Trailing-Edge
-
PDP-10 Archives
-
SRI_NIC_PERM_FS_1_19910112
-
c/lib/usys.doc
There are 9 other files named usys.doc in the archive. Click here to see a list.
USYS.DOC - KCC Un*x System-call simulation
This file documents various things about the USYS library routines,
which are intended to provide simulation and support for Un*x system
call functions.
Specifications for the interfaces were taken from the March
1984 4.2BSD "Unix Programmer's Manual" (UPM), plus the 4.3BSD man pages,
and all code here works as described in those references unless
otherwise documented.
Implementors should also read the CODSYS.DOC file in the
source directory.
NOTE: THE DOCUMENTATION FOR SYSTEMS OTHER THAN TOPS-20/TENEX IS INCOMPLETE!
Contents:
Intro - listing format
Summary of USYS routines
Definitions
Individual Routine Descriptions (as needed)
Library function listing format:
Name Module Port-status Comments
<routine name> <source file> <port code>
Port-status <port-code>:
<sys> - runs on the given systems, as flagged by:
2 - T20, TOPS-20
X - 10X, TENEX
I - ITS
T - T10, TOPS-10
W - WTS, WAITS (T10-like)
C - CSI, CompuServe (T10-like)
*10 = not conditionalized for any OS, hence PDP-10 portable.
Comments:
"U" means the call is USYS_macro enclosed and cannot be
interrupted by signals.
"-" means it isn't enclosed
(this better be cuz interrupts don't affect the call!)
"I" means it is interruptible (i.e. can return EINTR error).
"IC" means interrupts may be continued within the call.
USYS function summary: Src: lib/usys/
Name Module Port-status Comments
access ACCESS 2X---- U 10X only partial.
alarm ALARM 2---- U
brk SBRK 2XITWC U
chdir CHDIR 2X---- U
chmod CHMOD 2X---- U
chown CHOWN 2X---- U
close CLOSE 2XITWC U
creat OPEN 2XI??? U
dup DUP *10 U
dup2 DUP *10 U
errno (data) URT *10 -
exec[lv][ep] FORK 2X-TWC U
exit EXIT *10 -
fchmod CHMOD 2X---- U
fchown CHOWN 2X---- U
fcntl FCNTL *10 U
fork FORKEX 2X---- U
forkexec FORKEX 2X-TWC U KCC-specific routine.
fstat STAT 2X-TWC U (also: xfstat)
ftime TIME 2XITWC -
geteuid GETUID 2X---- U
getpid GETPID 2XITWC U see format note.
gettimeofday TIME 2XITWC -
getuid GETUID 2X---- U
gtty SGTTY 2----- U
ioctl IOCTL 2----- UIC Partial.
kill SIGVEC 2X---- U
lseek LSEEK 2XI--- U
open OPEN 2XI--- U (Uses BSD flags; mode not supported)

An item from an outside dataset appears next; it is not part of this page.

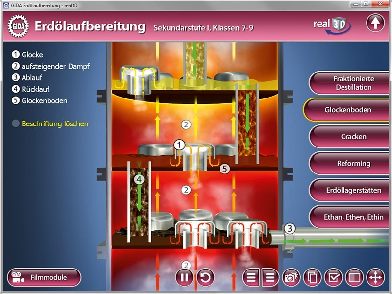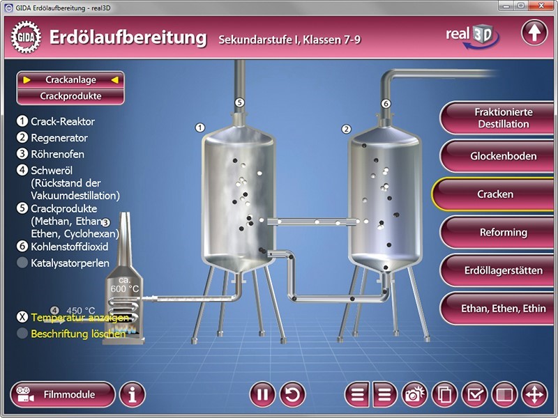Die real3D-Software gibt Ihnen größtmögliche Freiheit in der Bearbeitung des Themas „Erdölaufbereitung“und unterstützt
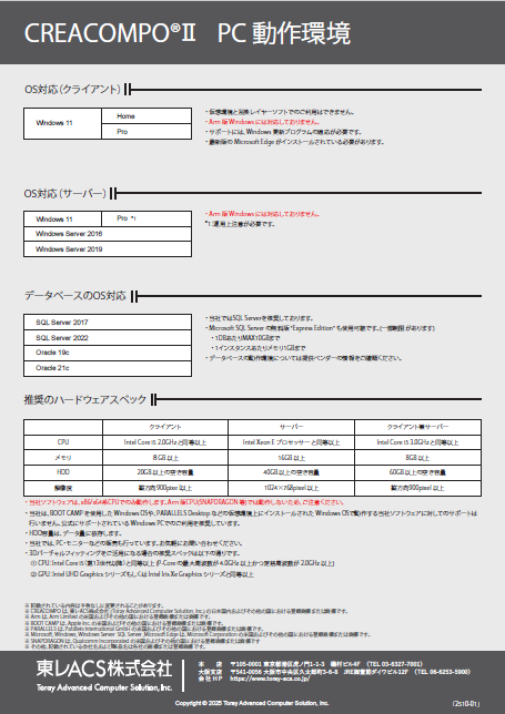 CREACOMPOⅡ の各ソフトウェアの特徴・機能紹介、運用タイプ/料金プランの詳細、サポート体制などを掲載しています。

pause PAUSE 2XITWC -I Always returns with EINTR
pipe PIPE 2----- U (monitor must have PIP: device)
raise SIGVEC 2X---- U (ANSI function, not syscall)
read READ 2XITWC U
rename RENAME 2X---- U
sbrk SBRK *10 U (invokes brk)
sigblock SIGVEC 2X---- U
signal SIGNAL 2X---- U
sigpause SIGVEC 2X---- UI Always returns with EINTR
sigreturn SIGVEC 2X---- U
sigsetmask SIGVEC 2X---- U
sigstack SIGVEC 2X---- U
sigvec SIGVEC 2X---- U
sleep SLEEP 2XITWC -I (returns no value)
stat STAT 2X-TWC U (also: xstat)
stty SGTTY 2----- U
tell LSEEK *10 U (invokes lseek)
time TIME 2XITWC - (also: tadl_xxx routines)
times TIMES 2XITWC - (poor simulation)
unlink UNLINK 2XI--- U (10X doesn't expunge)
utime UTIME 2X---- U
vfork FORK 2X---- U
wait WAIT 2X---- UIC
write WRITE 2XITWC UIC
_exit EXIT *10 U
_runtm URT 2XITWC (internal) C programs start here.
_urtsud (data) URTSUD *10 (internal) Runtime startup defs.
DEFINITIONS:
The UPM introduction contains some definitions which provide
a convenient way to start describing how the KCC simulations differ from
Un*x; some concepts are supported and others are not.
Process ID (PID): Supported, see long description.
Parent Process ID: Supported, see long description.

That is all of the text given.